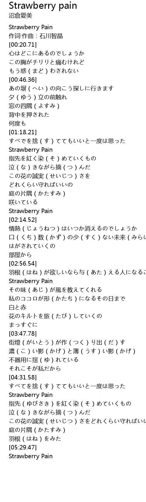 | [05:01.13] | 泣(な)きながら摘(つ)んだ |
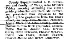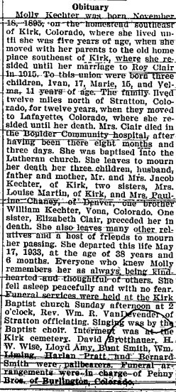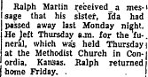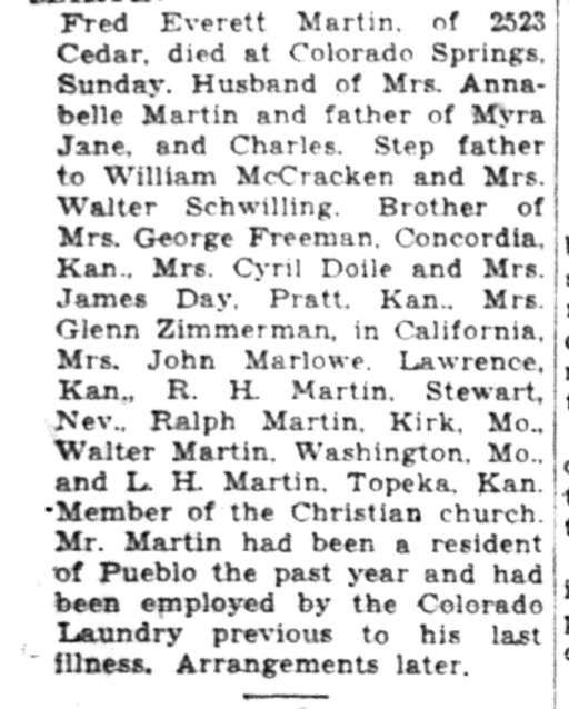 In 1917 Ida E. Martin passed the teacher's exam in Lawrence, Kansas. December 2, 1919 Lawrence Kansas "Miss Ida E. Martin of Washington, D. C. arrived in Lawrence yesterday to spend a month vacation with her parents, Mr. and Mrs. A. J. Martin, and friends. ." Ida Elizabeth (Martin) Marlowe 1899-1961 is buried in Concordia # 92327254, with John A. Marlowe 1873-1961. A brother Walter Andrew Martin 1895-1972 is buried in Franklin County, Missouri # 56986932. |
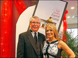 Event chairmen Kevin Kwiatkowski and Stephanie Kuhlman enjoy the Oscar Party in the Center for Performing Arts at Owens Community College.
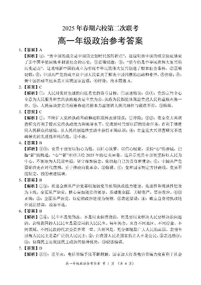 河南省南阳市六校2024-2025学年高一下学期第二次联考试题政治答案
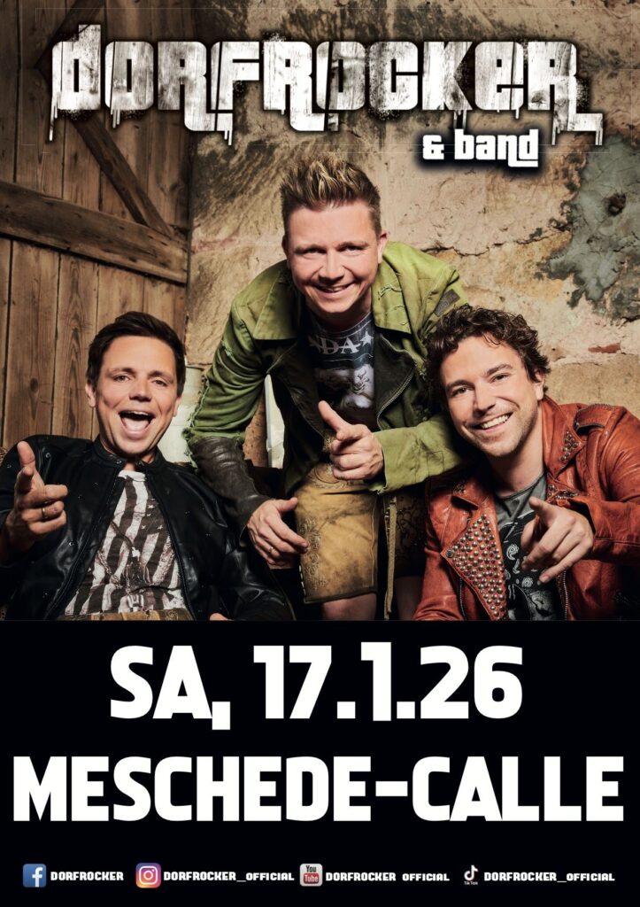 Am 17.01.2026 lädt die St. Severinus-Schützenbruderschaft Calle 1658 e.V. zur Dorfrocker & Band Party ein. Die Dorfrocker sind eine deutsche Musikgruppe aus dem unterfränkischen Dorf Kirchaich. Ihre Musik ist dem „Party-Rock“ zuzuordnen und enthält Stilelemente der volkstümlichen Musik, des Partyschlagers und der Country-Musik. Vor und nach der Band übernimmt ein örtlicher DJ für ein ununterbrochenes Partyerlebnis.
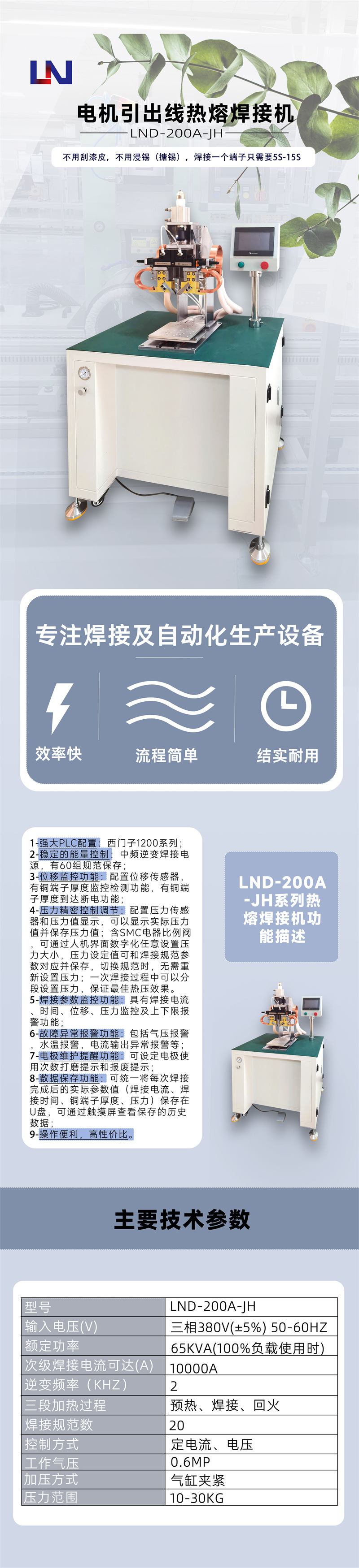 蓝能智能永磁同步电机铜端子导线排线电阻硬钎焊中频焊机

YOUR ASSIGNMENT:
What I need is every record written out exactly, minus the pictures.

TASK RESULT:
 | [05:01.13] | 泣(な)きながら摘(つ)んだ |
 In 1917 Ida E. Martin passed the teacher's exam in Lawrence, Kansas. December 2, 1919 Lawrence Kansas "Miss Ida E. Martin of Washington, D. C. arrived in Lawrence yesterday to spend a month vacation with her parents, Mr. and Mrs. A. J. Martin, and friends. ." Ida Elizabeth (Martin) Marlowe 1899-1961 is buried in Concordia # 92327254, with John A. Marlowe 1873-1961. A brother Walter Andrew Martin 1895-1972 is buried in Franklin County, Missouri # 56986932. |
 Event chairmen Kevin Kwiatkowski and Stephanie Kuhlman enjoy the Oscar Party in the Center for Performing Arts at Owens Community College.
 河南省南阳市六校2024-2025学年高一下学期第二次联考试题政治答案
 Am 17.01.2026 lädt die St. Severinus-Schützenbruderschaft Calle 1658 e.V. zur Dorfrocker & Band Party ein. Die Dorfrocker sind eine deutsche Musikgruppe aus dem unterfränkischen Dorf Kirchaich. Ihre Musik ist dem „Party-Rock“ zuzuordnen und enthält Stilelemente der volkstümlichen Musik, des Partyschlagers und der Country-Musik. Vor und nach der Band übernimmt ein örtlicher DJ für ein ununterbrochenes Partyerlebnis.
 蓝能智能永磁同步电机铜端子导线排线电阻硬钎焊中频焊机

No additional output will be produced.